August 6, 2015
Mesquite Wash
Mesquite Wash
Here in the dog days of August, can you imagine anything Seattle and Phoenix have in common?  When we lived in Seattle we’d hike the beautiful Washington outback every weekend, rain be damned, but we could never get very far out of town away from the crowds because of our sons’ school activities schedule.  We lamented this to friends who counseled patience—during the summer the crowds would all be farther out in the mountains, and we’d have the close-in places to ourselves.

One day last week, monsoon heat and humidity be damned, I had to get out of the house, but because of work constraints I didn’t have enough time to get up to the White Mountains.  I took the camera and a water bottle and spent the day at Mesquite Wash, channeling our summer experiences in Seattle.  Not only was I rewarded with utter solitude, but there was still water in the upper part of the wash despite Sycamore Creek, farther up the Beeline, being dry as a bone and devoid of all life.

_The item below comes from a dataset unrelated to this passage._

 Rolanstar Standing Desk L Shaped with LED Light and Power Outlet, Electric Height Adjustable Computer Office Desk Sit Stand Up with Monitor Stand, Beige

Water is life in the desert.  Mesquite Wash has a spring and perhaps a third of a mile of permanent water.  It has a lot of life, even now in the harshest days of the desert summer.  Just where the water begins I was greeted by the first of several Yellow-breasted Chats that escorted me downstream through their territories with their odd, irrepressible whistles, gurgles, and grunts, chatterings if you will, which makes them one of our best named birds.  Bell’s Vireos were singing everywhere, Abert’s Towhee families squabbled through the dense, green understory, Black Phoebes patrolled the water holes, and flashes of scarlet spoke to the presence of Summer Tanagers.

Mesquite Wash has always been special for me because of a trio of unexpected birding experiences.  I saw my first Arizona Northern Waterthrush there in a thicket along the stream, one September I had a close encounter with a juvenile Common Black Hawk, and once during spring migration I counted fifteen Western Tanagers in one morning.

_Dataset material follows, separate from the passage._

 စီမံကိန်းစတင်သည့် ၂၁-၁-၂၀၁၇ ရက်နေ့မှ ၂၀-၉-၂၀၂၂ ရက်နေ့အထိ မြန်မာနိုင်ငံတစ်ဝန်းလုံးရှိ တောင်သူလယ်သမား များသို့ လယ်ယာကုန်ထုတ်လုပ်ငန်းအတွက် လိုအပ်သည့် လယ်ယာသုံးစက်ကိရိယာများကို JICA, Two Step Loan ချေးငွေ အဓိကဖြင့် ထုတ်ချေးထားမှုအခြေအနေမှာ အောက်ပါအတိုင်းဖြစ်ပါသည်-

Four wheelers are illegal in some clearly signed and designated parts of the wash, and I did encounter signs of irresponsible usage in places, but this time of year the abusers are no doubt raising their havoc farther out in the foothills or have taken their noise machines higher into the mountains.  Monsoon rains have rendered the riparian corridor a desert greenhouse, and with feet in the stream and boughs overhead, it was a guilty pleasure to be enjoying cool peace and privacy in this close and accessible escape that I avoid during three seasons of the year.

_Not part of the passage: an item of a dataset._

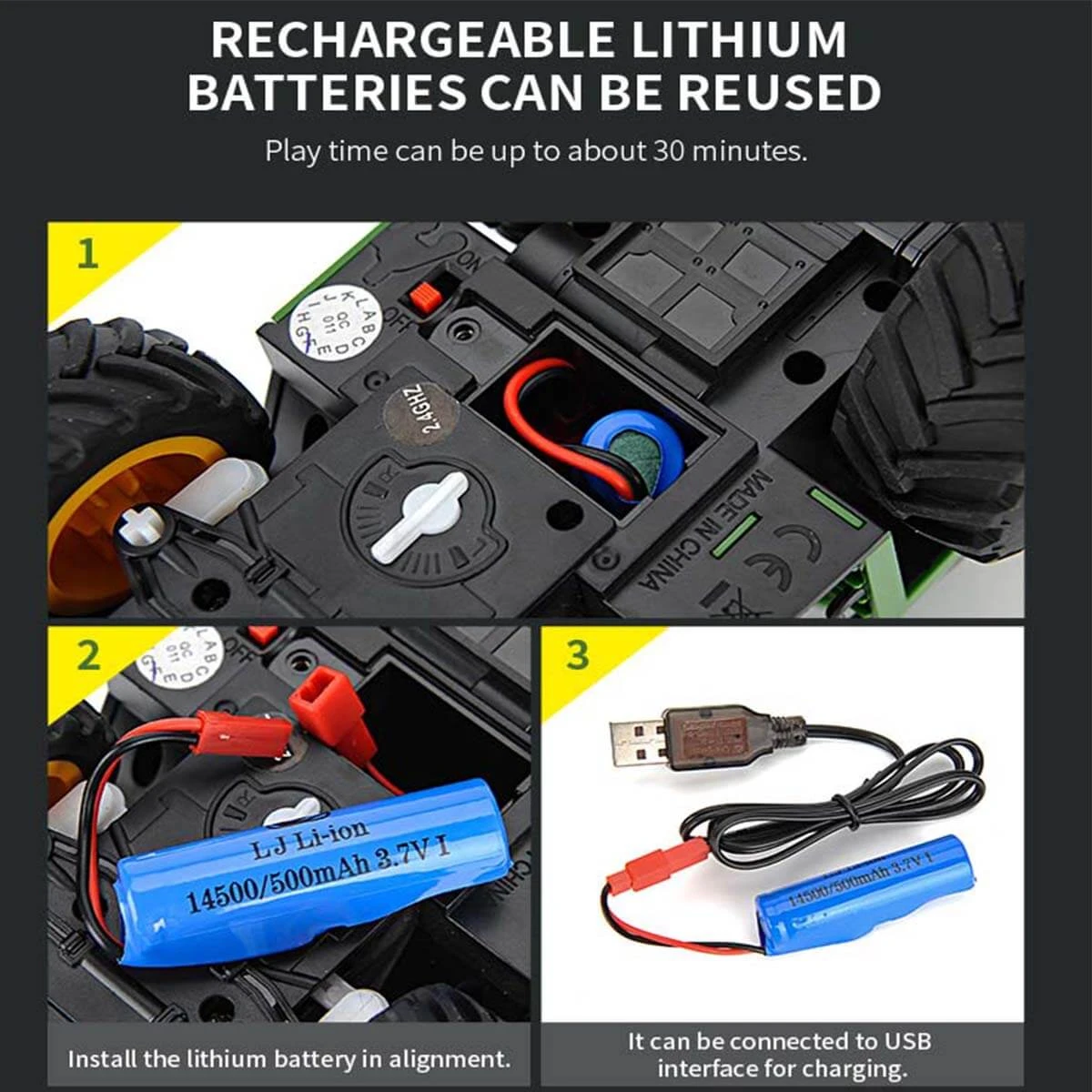 Powerful System: The four-wheel drive is full of power and can easily drive on muddy ground. Meanwhile the rechargeable battery is reusable for up to 30 minutes of play time.

Turkey Vultures appeared overhead shortly after sunrise, bees were around the wildflowers and waterholes, dragonflies were out near the spring, and Queen butterflies were in such abundance I was able to sort through enough of them to find my first Viceroy since I started looking at lepidoptera.  Although it may seem counterintuitive, a lot is going on now at Mesquite Wash.  Go now before it cools down and see what it must have been like 100 years ago.  It’s cool.  It’s green.  It’s full of life.